Собственно говоря, то, что увидел Пастернак у Цветаевой, было ему знакомо. Свобода, обретаемая в противостоянии (в широком смысле - «поэт и толпа»),- от нее он отказался в самом начале, когда писал «Поверх барьеров», но к ней он отчасти вернулся в «Темах и вариациях» («Нас мало. Нас, может быть, трое...»). Такая свобода предполагает утраты, даже желает утрат: без них она ничто. В первой половине 20-х годов Цветаева одерживала свои блистательные поэтические победы как раз на разрыве, на самоутверждении, на знании о своей трагической исключительности.

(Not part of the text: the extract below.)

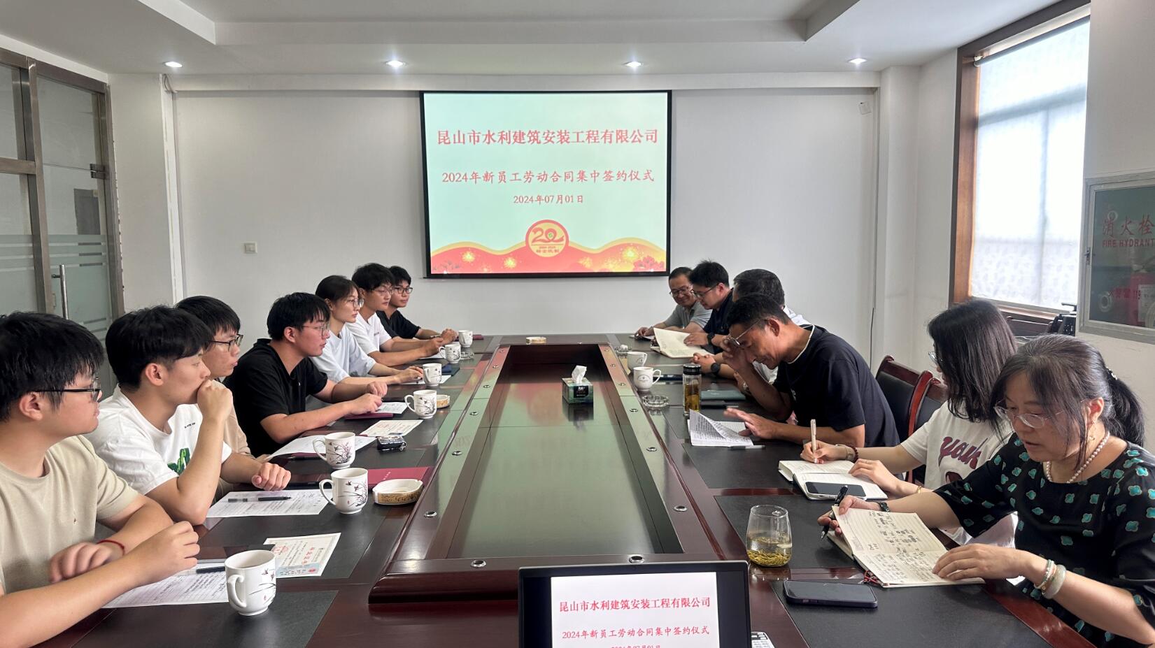 2024年7月1日,我公司舉行了新員工勞動(dòng)合同集中簽約儀式。會(huì )上公司各領(lǐng)導及部門(mén)負責人向新進(jìn)員工表示熱烈歡迎,并簡(jiǎn)要的介紹了公司各部門(mén)工作要求,應屆畢業(yè)生們自今天起便完成了從學(xué)生到職場(chǎng)人的轉換,期待他們在水利事業(yè)中不斷發(fā)光發(fā)熱,貢獻自己的一份力量!

Пастернак не мог не подпасть под обаяние цветаевской силы («окончательности и определенности»), но при этом, конечно, он остался Пастернаком,- о том свидетельствуют отношения его героя с Ильиной.

В стихах Марии Ильиной (в шестой главе романа) сказано о ней самой и о Спекторском:

Мы рано, может статься, углубимся В неисследимый смысл добра и зла. Но суть не в том. У жизни есть любимцы. Мне кажется, мы не из их числа.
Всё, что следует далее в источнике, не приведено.